About this exercise: Leave the pictures in the listing below aside and reproduce exactly the lines starting with the one with "Đại biểu Điểu" and going on through the one with "Объемная ритуальная корзина", both ends included.

Data excerpt:
----
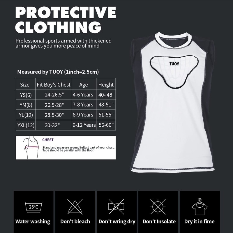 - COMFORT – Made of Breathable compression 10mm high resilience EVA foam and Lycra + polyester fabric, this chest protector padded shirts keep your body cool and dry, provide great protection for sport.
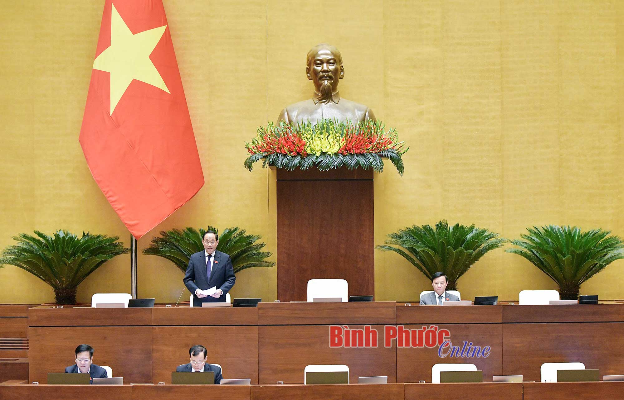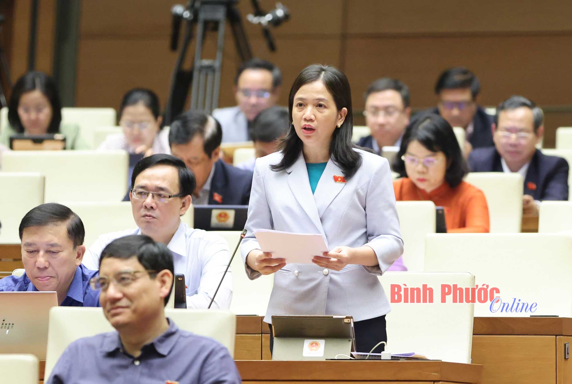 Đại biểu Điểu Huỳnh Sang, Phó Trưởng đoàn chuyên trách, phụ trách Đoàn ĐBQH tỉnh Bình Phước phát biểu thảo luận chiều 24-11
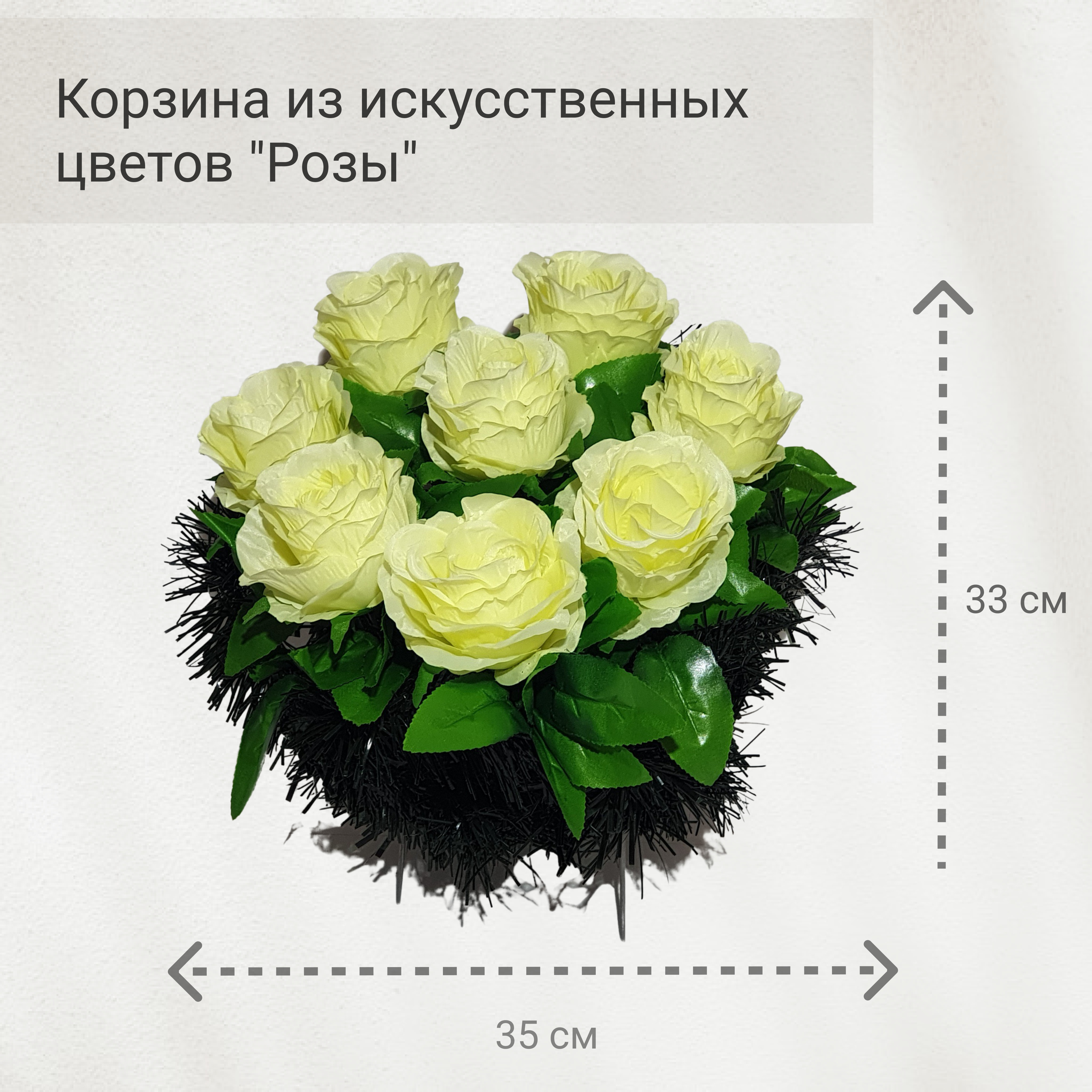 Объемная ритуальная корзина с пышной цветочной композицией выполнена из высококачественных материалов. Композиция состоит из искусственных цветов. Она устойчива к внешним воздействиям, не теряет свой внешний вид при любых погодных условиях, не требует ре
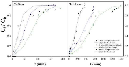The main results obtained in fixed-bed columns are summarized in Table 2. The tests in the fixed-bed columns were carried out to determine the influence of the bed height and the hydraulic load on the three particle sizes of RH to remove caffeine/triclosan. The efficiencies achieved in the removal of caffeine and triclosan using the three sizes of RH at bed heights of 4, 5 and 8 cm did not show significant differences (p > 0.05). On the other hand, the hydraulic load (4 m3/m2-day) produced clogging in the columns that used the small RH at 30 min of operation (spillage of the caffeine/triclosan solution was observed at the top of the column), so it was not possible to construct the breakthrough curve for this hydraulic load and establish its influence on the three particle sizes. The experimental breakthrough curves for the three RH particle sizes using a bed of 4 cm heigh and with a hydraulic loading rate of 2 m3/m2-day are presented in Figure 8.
----
Answer to this task:
 Đại biểu Điểu Huỳnh Sang, Phó Trưởng đoàn chuyên trách, phụ trách Đoàn ĐBQH tỉnh Bình Phước phát biểu thảo luận chiều 24-11
 Объемная ритуальная корзина с пышной цветочной композицией выполнена из высококачественных материалов. Композиция состоит из искусственных цветов. Она устойчива к внешним воздействиям, не теряет свой внешний вид при любых погодных условиях, не требует ре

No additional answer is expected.